Both ends included, restate word for word the lines from the first line of the listing through the line containing "Set of 7 Pre-Columbian". Leave the pictures out.

• Material provided
>>>

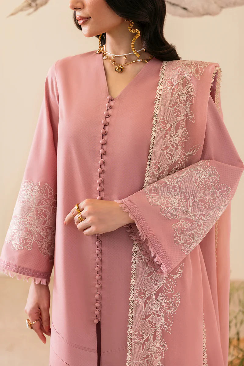 A dusty pink front-open shirt with delicate buttons, intricate white embroidery on the sleeves and chiffon dupatta, finished with lace and cutwork detailing for an effortlessly elegant look.
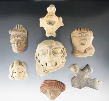 Set of 7 Pre-Columbian assorted Pottery pieces. The largest is 2 1/2". |
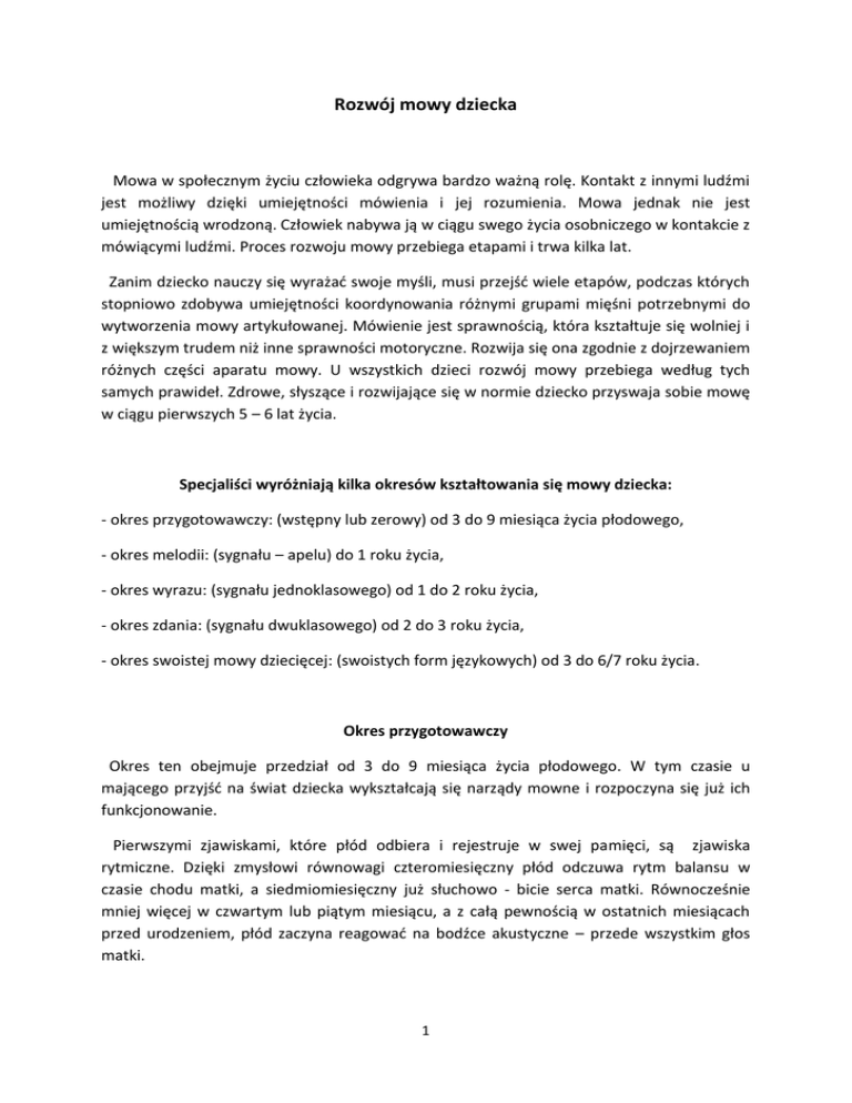 Rozwój mowy dziecka Mowa w społecznym życiu człowieka odgrywa bardzo ważną rolę. Kontakt z innymi ludźmi jest możliwy dzięki umiejętności mówienia i jej rozumienia. Mowa jednak nie jest umiejętnością wrodzoną. Człowiek nabywa ją w ciągu swego życia osobniczego w kontakcie z mówiącymi ludźmi. Proces rozwoju mowy przebiega etapami i trwa kilka lat. Zanim dziecko nauczy się wyrażać swoje myśli, musi przejść wiele etapów, podczas których stopniowo zdobywa umiejętności koordynowania różnymi grupami mięśni potrzebnymi do wytworzenia mowy artykułowanej. Mówienie jest sprawnością, która kształtuje się wolniej i z większym trudem niż inne sprawności motoryczne. Rozwija się ona zgodnie z dojrzewaniem różnych części aparatu mowy. U wszystkich dzieci rozwój mowy przebiega według tych samych prawideł. Zdrowe, słyszące i rozwijające się w normie dziecko przyswaja sobie mowę w ciągu pierwszych 5 – 6 lat życia. Specjaliści wyróżniają kilka okresów kształtowania się mowy dziecka: - okres przygotowawczy: (wstępny lub zerowy) od 3 do 9 miesiąca życia płodowego, - okres melodii: (sygnału – apelu) do 1 roku życia, - okres wyrazu: (sygnału jednoklasowego) od 1 do 2 roku życia, - okres zdania: (sygnału dwuklasowego) od 2 do 3 roku życia, - okres swoistej mowy dziecięcej: (swoistych form językowych) od 3 do 6/7 roku życia. Okres przygotowawczy Okres ten obejmuje przedział od 3 do 9 miesiąca życia płodowego. W tym czasie u mającego przyjść na świat dziecka wykształcają się narządy mowne i rozpoczyna się już ich funkcjonowanie. Pierwszymi zjawiskami, które płód odbiera i rejestruje w swej pamięci, są zjawiska rytmiczne. Dzięki zmysłowi równowagi czteromiesięczny płód odczuwa rytm balansu w czasie chodu matki, a siedmiomiesięczny już słuchowo - bicie serca matki. Równocześnie mniej więcej w czwartym lub piątym miesiącu, a z całą pewnością w ostatnich miesiącach przed urodzeniem, płód zaczyna reagować na bodźce akustyczne – przede wszystkim głos matki. 1 Okres melodii Okres ten rozpoczyna się z chwilą urodzenia dziecka i trwa do ukończenia przez nie pierwszego roku życia. Początkowo dziecko komunikuje się z otoczeniem za pomocą krzyku i płaczu, po którym matka rozpoznaje jego potrzeby. Krzyk jest ćwiczeniem narządu oddechowego, podczas którego można dostrzec krótki wdech i znacznie dłuższy wydech. Chociaż płacz dziecka jest odruchem bezwarunkowym, to uznajemy je za pierwsze reakcje prewokaliczne, za początek mowy. Między drugim a trzecim miesiącem życia pojawia się głużenie. Są to dźwięki podobne do samogłosek i spółgłosek. Z czasem daje się nawet usłyszeć grupy samogłoskowe oraz spółgłoskowe. Choć nie są świadomie wymawiane, to ich artykułowanie ćwiczy narządy mowy: język, wargi, żuchwę i podniebienie miękkie. Głużą wszystkie dzieci, także głuche od urodzenia. Około szóstego miesiąca życia rozpoczyna się gaworzenie. Teraz dziecko zaczyna świadomie powtarzać i naśladować dźwięki mowy. Dzięki nabywaniu takich cech jak spostrzegawczości, koncentracja uwagi, bardziej pewna pamięć, dziecko naśladuje teraz dźwięki, które wydało przypadkowo oraz dźwięki, których brzmienie uchwyciło z otoczenia. W gaworzeniu słyszymy sylaby: ma - ma, la - la, ba - ba , ta - ta, z których następnie zbuduje pierwsze słowa. Przed ukończeniem pierwszego roku życia powinny pojawić się pierwsze słowa. Najczęściej są nimi: mama, tata, baba. Należy zauważyć, że wraz z omawianymi etapami kształtowania mowy równolegle przebiega rozwój fizyczny dziecka – dziecko zaczyna unosić głowę, siadać, stać, chodzić. Okres wyrazu Okres wyrazu trwa zazwyczaj od pierwszego do drugiego roku życia. Szybki rozwój ruchowy dziecka w tym czasie pozwala na intensywne poznawanie otaczającego świata, nazywanie interesujących go przedmiotów i odkrywanie ich cech. Mniej więcej w tym wieku u wielu dzieci obserwujemy zjawisko określane jako eksplozja nazywania. Polega ono na etykietowaniu wszystkiego, co znajduje się w zasięgu wzroku. Maluch rozumie o wiele więcej słów, wyrażeń i zdań niż jest w stanie samodzielnie wypowiedzieć (mówimy wtedy o słowniku biernym). W wieku 18 miesięcy przeciętne dziecko posiada słownik liczący około 50 słów, które umie powiedzieć, oraz około 100 słów, które rozumie. Charakterystyczną cechą wymowy dziecka w tym okresie jest upraszczanie budowy słów przez określanie nazwy wyrazu jego pierwszą lub ostatnią sylabą (np. miś - mi, nie – ne, daj da, pomidor - midol). 2 Okres zdania Okres zdania trwa zazwyczaj od 2 od 3 roku życia. W tym okresie wyłaniają się poszczególne kategorie gramatyczne, gwałtownie wzbogaca się słownik. Mowa ulega dalszemu doskonaleniu. Dziecko powinno już wymawiać wszystkie samogłoski ustne i nosowe. Ze spółgłosek trudności sprawiają mu głoski: s, z, c, dz, sz, ż/rz, cz, dż, oraz r, gdyż narządy mowy nie są jeszcze dostatecznie sprawne. Toteż głoski trudniejsze są zastępowane łatwiejszymi. Samogłoski mogą być jeszcze wymawiane niewłaściwie. W sumie mowa jest już zrozumiała dla najbliższego otoczenia. Dziecko zaczyna mówić zdaniami 2 – 3 wyrazowymi. Są to zdania oznajmujące, rozkazujące, pytające, wykrzyknikowe. Najczęściej używa rzeczowników – nazw konkretnych przedmiotów. Czasowniki jako nazwy czynności używa w formie bezokolicznika, lecz w niedługim czasie pojawiają się w czasie teraźniejszym, przyszłym i przeszłym w formie strony czynnej, biernej i zwrotnej jednak nie zawsze poprawnie. Dwulatki używają kilkunastu przymiotników i pojawiają się spójniki. Okres swoistej mowy dziecięcej Okres swoistej mowy dziecięcej trwa od 3 do 6/7 lat. Kończy się wraz z opanowaniem przez dziecko poprawnej wymowy. Może trwać kilka lat. Jest to okres urokliwych rozmów pełnych uproszczeń, przestawi

<<<

• Solution to the exercise
 A dusty pink front-open shirt with delicate buttons, intricate white embroidery on the sleeves and chiffon dupatta, finished with lace and cutwork detailing for an effortlessly elegant look.
 Set of 7 Pre-Columbian assorted Pottery pieces. The largest is 2 1/2". |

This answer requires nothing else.